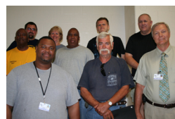
Perryville High School
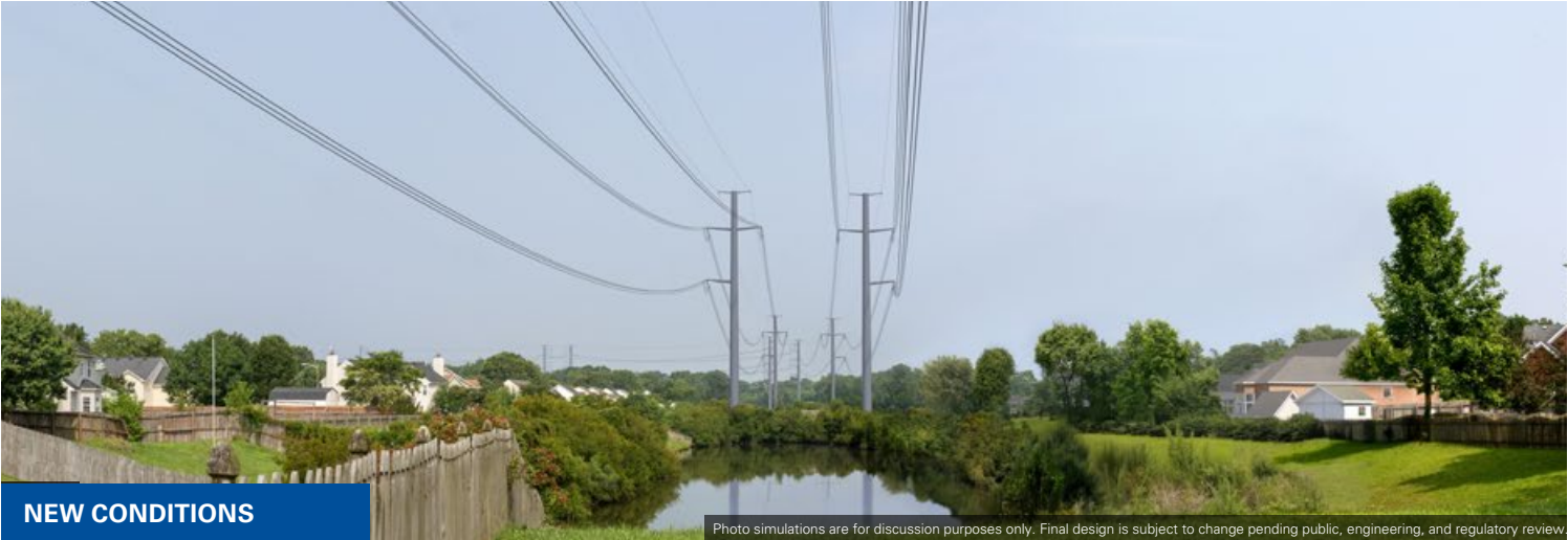
Photo simulations are for discussion purposes only. Final design is subject to change pending public, engineering, and regulatory review.
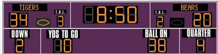
SHOWN WITH OPTIONAL ELECTRONIC TEAM NAMES
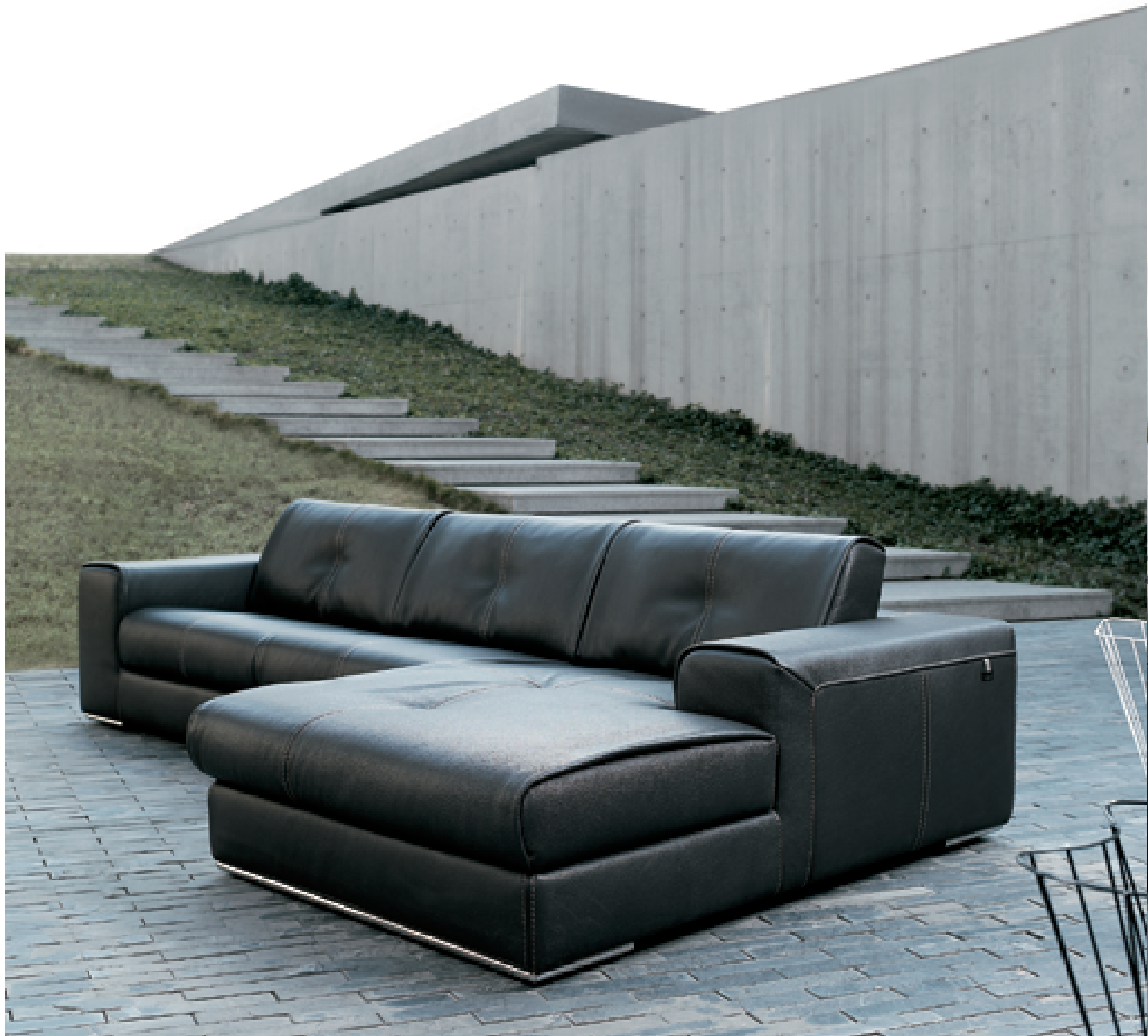
Model TOLENTINO was designed particularly for sofas being made with ultra-thick (around 3mm) leather.
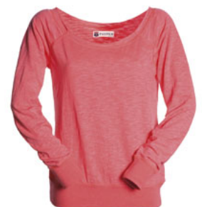
MELANGE CORAL HOT
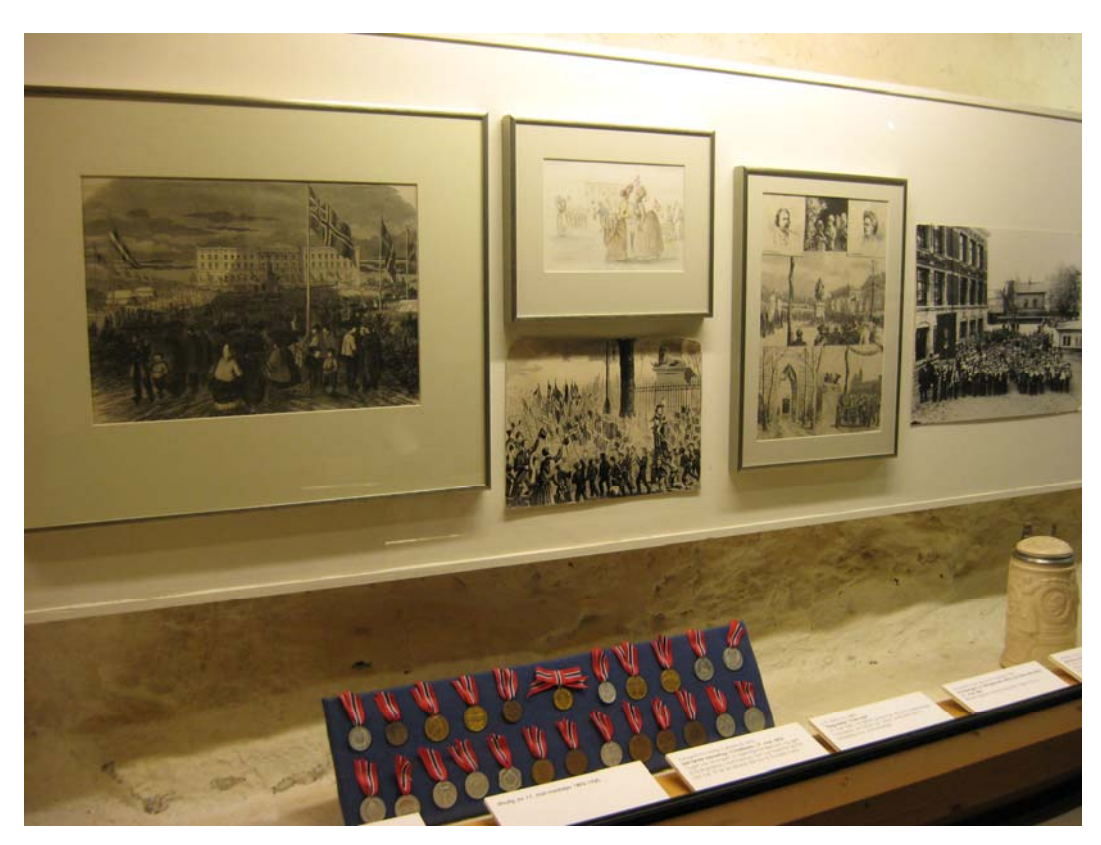
Celebrating Norwegian national independence and its heroes at the Museum of the City of Oslo.

National independence is itself a cherished national value – in part instantiated by Norway's reluctance to join supra-national organizations such as the EU. This can be better appreciated at the light of the interpretation of the successive unions with Denmark and Sweden as colonization, and the trauma of WWII, leading to the invasion of Norway by the Nazi army. These events left an imprint on national consciousness to the effect that national independence is perceived as something that needs to be protected. The projected moral integrity of Norway is also the result of museum narratives emphasizing the fact that Norway was not a colonial power, but rather a victim of Danish and Swedish imperialism (this can be seen for instance at the Mainhaugen Museum, the Oslo City Museum and the Norwegian Museum of Cultural History). This image is being maintained and reactualized at the Nobel Peace Center, extolling the key role of Norway as mediator in international peace negotiations and in international cooperation and development aid. As a corollary, the annual endowment of the Nobel Peace Price by the King of Norway contributes to update Norway's moral authority and international status of a "righteous" nation.
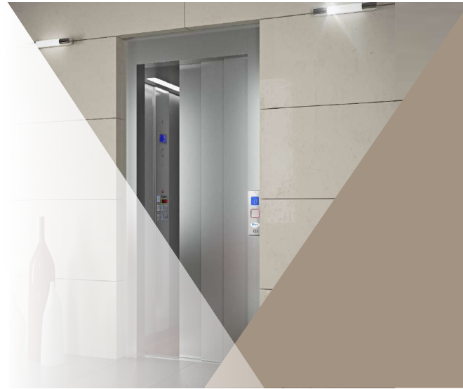
3 speed telescopic doors
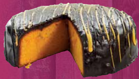
NEW Sticky Chocolate & Orange Cake 14ptn

A Victorian sponge cake with a twist; three layers of pink sponge with a soft yellow middle layer, all sandwiched together with buttercream and jam. It's then steeped in buttercream and surrounded by natural coloured hundreds and thousands.
- - -
Repeat exactly the lines from the start of the entries down to the line with "Celebrating Norwegian national", keeping both ends but none of the pictures.

Result
Perryville High School
Photo simulations are for discussion purposes only. Final design is subject to change pending public, engineering, and regulatory review.
SHOWN WITH OPTIONAL ELECTRONIC TEAM NAMES
Model TOLENTINO was designed particularly for sofas being made with ultra-thick (around 3mm) leather.
MELANGE CORAL HOT
Celebrating Norwegian national independence and its heroes at the Museum of the City of Oslo.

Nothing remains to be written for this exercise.